Signs of signs was something that I was at one time interested in because of what has been called in theoretical circles, the 'semiotic turn', whereby the focus on meaning was very much to do with how various languages worked. The dialogues set off around this type of understanding were very much to do with an analysis of the relationship between signs and their referents and the difference between signs, symbols and icons. By producing a range of these and each time using a different material, I felt that I was highlighting the importance of a material language that was also shaping its own meaning alongside that of human communication systems. 









Asemic signs

The images of signs above were designed to be 'failures'. There is no way that structurally the Y shaped supports could hold up the signs, the signs for grass make as much sense as the signs for text, and like the signs for shadows as signs of three dimensionality, all are in effect lies or falsehoods, the only language speaking a truth being the materials used in the making of these images.  

Asemic writing has also been defined as a hybrid art form that fuses text and image into a unity, thus setting them both free to an audience's arbitrary subjective interpretations. If I accept this definition, I think it sort of lets me as an artist abdicate my responsibility. Of course to some extent every communication with another individual is open to subjective interpretation, but we usually try to overcome this by working hard to clarify our message. Paradoxically, looking back on this work now I see it as being overly theoretical, a too straight acting out of an idea, therefore in effect illustrating a point, rather than discovering something new. The idea was in effect too clear in my own mind. It is the difference between 'living in the moment' of a work and working to a plan. I could have written out what I was going to do and it would have been enough.

Coda

Asemic writing doesn't signify anything but itself. This can be thought of like a form of ghost writing, a text aspiring to become a ‘presence’ or thing in its own right, rather than a form that carries significations of other things. Ghosts are often in fiction aspiring to the reality that living life forms have, and if we are not careful they might supplant the living.

Any inscription that is still legible, but perhaps only faintly, is like a ruin of its former self, a phantom presence. This ruin can however be a powerful form in its own right and signify a silenced voice.  Its past form can overcome its present one, especially if its erasure wasn’t just a consequence of normal wear and tear, but was the result of a deliberate attempt to remove it.

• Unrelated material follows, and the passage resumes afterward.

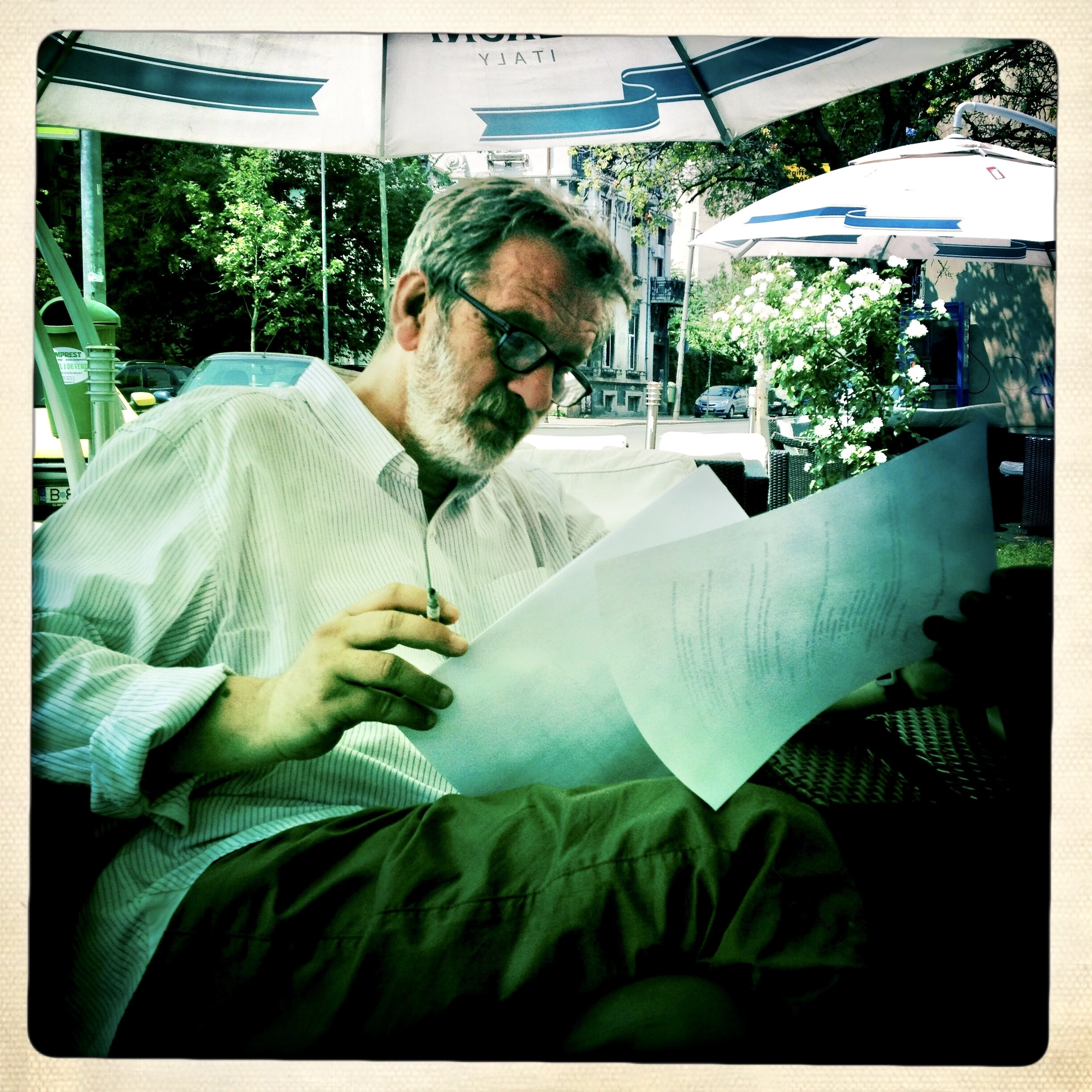 În februarie 2019 mă întâlnesc cu el întâmplător la Cărturești. Îmi dau seama că nu ne-am văzut de mult, că între timp mi-am schimbat numărul de telefon, i-l dau pe cel nou și ne promitem să ne vedem la o cafea când mai ajung prin București. Îi spun că lucrez cu Vlad Petri la documentarea unui spectacol, îmi spune că știe deja și pentru o secundă văd în zâmbetul din privirea lui atitudinea șugubeață: știe mai multe despre ce mai fac eu decât știu eu despre ce face el.

This can often be the case with graffiti, especially if it is politicised comment or a sign of struggle.

Erased or cleaned off graffiti can also be thought of therefore as a type of palimpsest. One text is removed to make way for another, but in a future time, the first text may re-emerge and become more important than the text that replaced it.

 

Patrick Ford has highlighted for me how these issues relate to the political graffiti that has appeared all over the city of Hong Kong and of how inexperienced government appointed cleaners after doing their work, left recognisable 'ghosts' of the slogans used.  The erased text being still clearly legible to locals residents, even though the offending words or characters had been cleaned away.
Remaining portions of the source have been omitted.